■ Your assignment ■
Reproduce exactly the lines from the one containing "Higienização profissional de" through the end of the listing, minus the pictures.

- - -

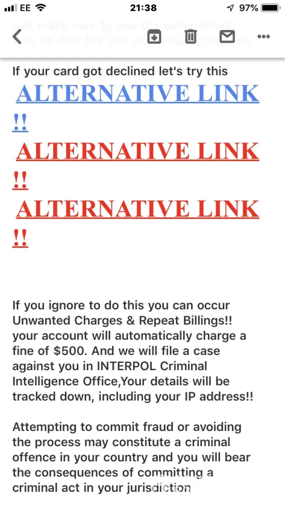 I have tried to cancel my membership and then I've got an email saying that they will fine me £500 if I don't continue the process. This is surely a scam as I have refused to pay any more money. Someone called CammyPleasure something like that is threatening to send a complaint to arrest me for crimes.
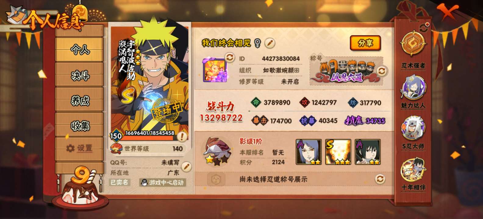 【安卓】仓鼠金币715号,150861金币,38张高招卷,1990限时点券,火影忍者手游QQ区,蜀面
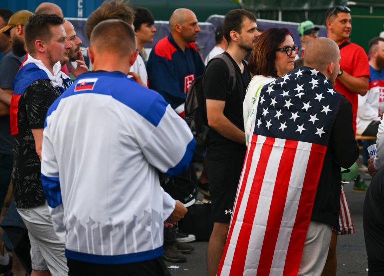 Atmosféra pred vstupom do Ostravar Arény pred zápasom Švédsko - Slovensko v základnej B-skupine na MS v hokeji 2024. Ostrava, 21. máj 2024. Foto: SITA/Martin Medňanský.
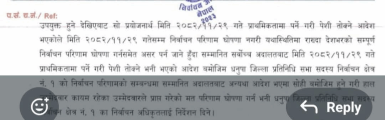 निर्वाचन आयोगले एक विशेष निर्णय गर्दै धनुषा-१ को रोकिएको नतिजा सार्वजनिक गर्न निर्देशन दिएको थियो । सर्वोच्च अदालतले आजैका लागि पेशी तोकेको भए पनि देशभरको निर्वाचन परिणाम घोषणामा असर पर्ने देखिएपछि आयोगले यस्तो बाटो रोजेको हो ।
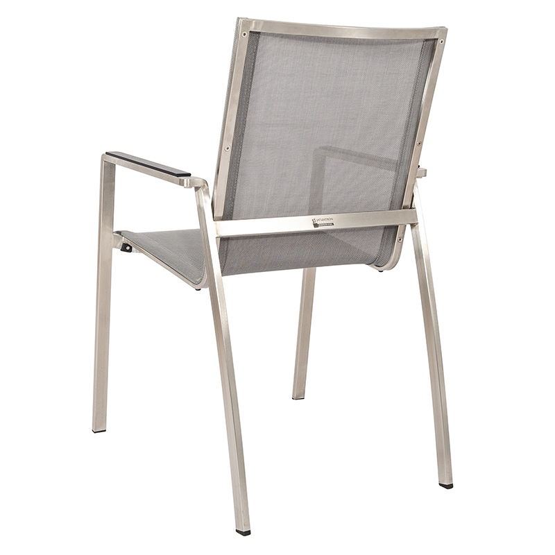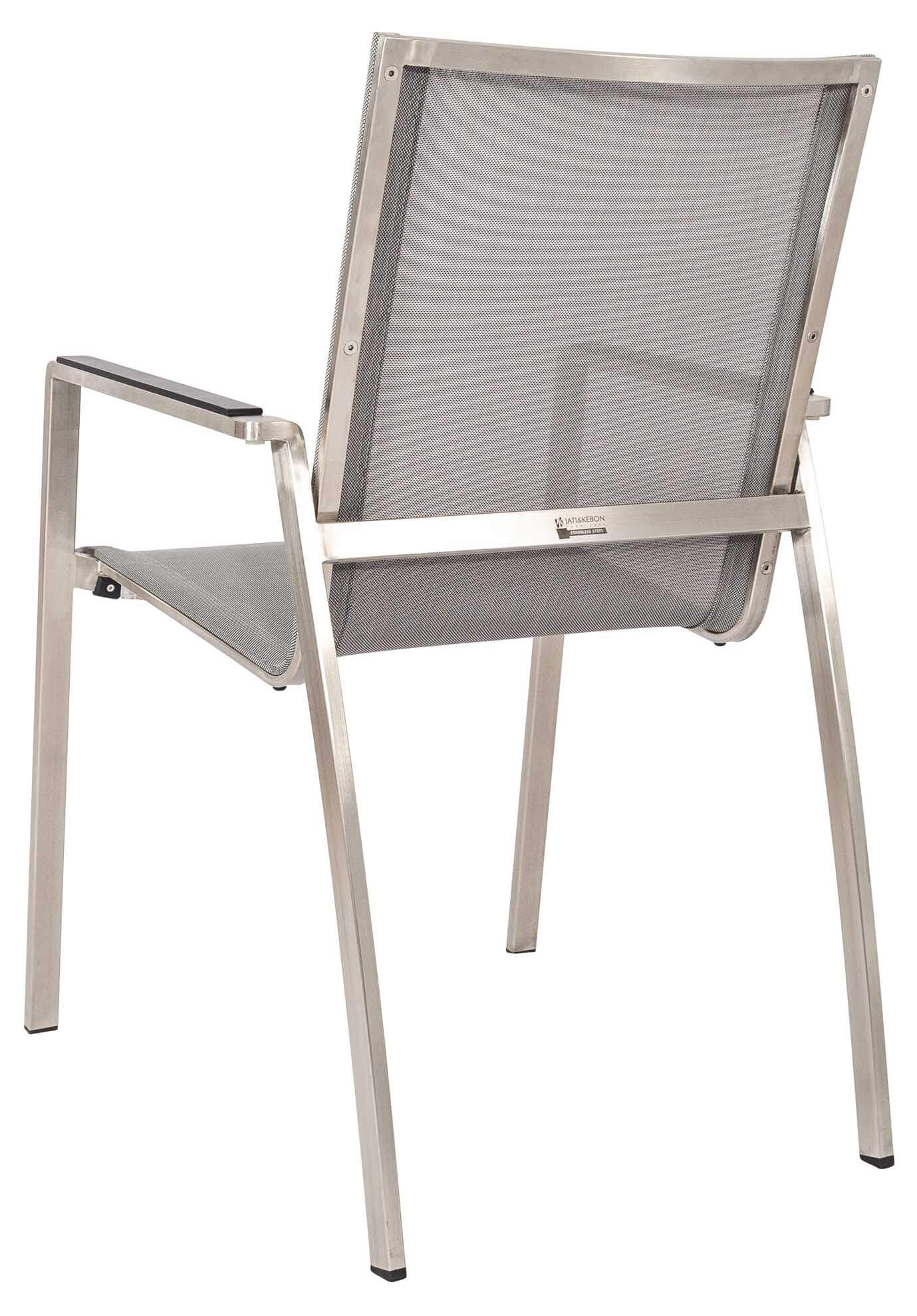 Monaco Stapelsessel aus Edelstahl von Jato & Kebon. Gestell gebürstet, Bespannung aus Jatex-Gewebe in silbergrau. Armlehnen aus Aluminium schwarz pulverbeschichtet.
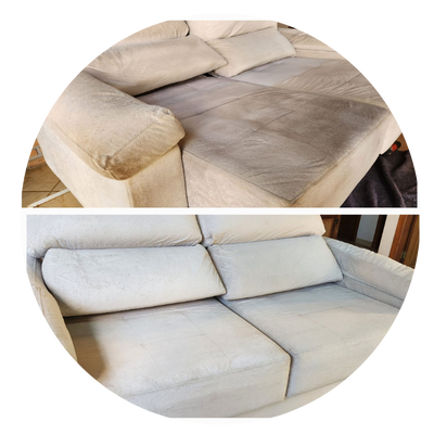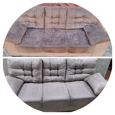 Higienização profissional de estofado de Suede com alta sujidade.
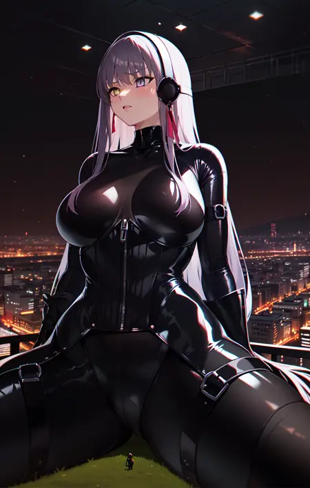 프롬프트 “giant, giantess”를 사용하여 그녀의 거대한 체구를 생성할 수 있습니다.
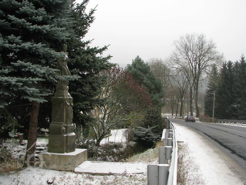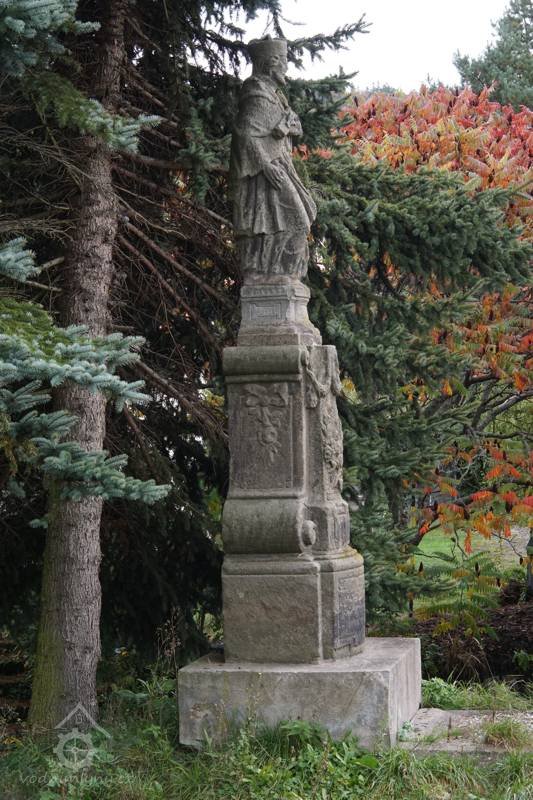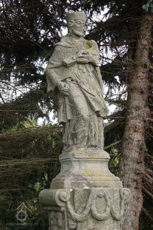 Socha světce Jana Nepomuckého v podživotní velikosti na tvarovaném třístupňovém hranolovém podstavci. Střední část podstavce po stranách doplněna volutami v horní části s girlandou. Svatý Jan Nepomucký v obvyklém ikonografickém pojetí s biretem na hlavě a krucixifem v náručí, v pravé ruce drží palmový list. Stopy případné polychromie nejsou zřejmé. Sokl v přední i zadní popsán textem, špatně čitelné. Socha provedena v klasicistním slohu.

- - -

■ Your response ■
 Higienização profissional de estofado de Suede com alta sujidade.
 프롬프트 “giant, giantess”를 사용하여 그녀의 거대한 체구를 생성할 수 있습니다.
 Socha světce Jana Nepomuckého v podživotní velikosti na tvarovaném třístupňovém hranolovém podstavci. Střední část podstavce po stranách doplněna volutami v horní části s girlandou. Svatý Jan Nepomucký v obvyklém ikonografickém pojetí s biretem na hlavě a krucixifem v náručí, v pravé ruce drží palmový list. Stopy případné polychromie nejsou zřejmé. Sokl v přední i zadní popsán textem, špatně čitelné. Socha provedena v klasicistním slohu.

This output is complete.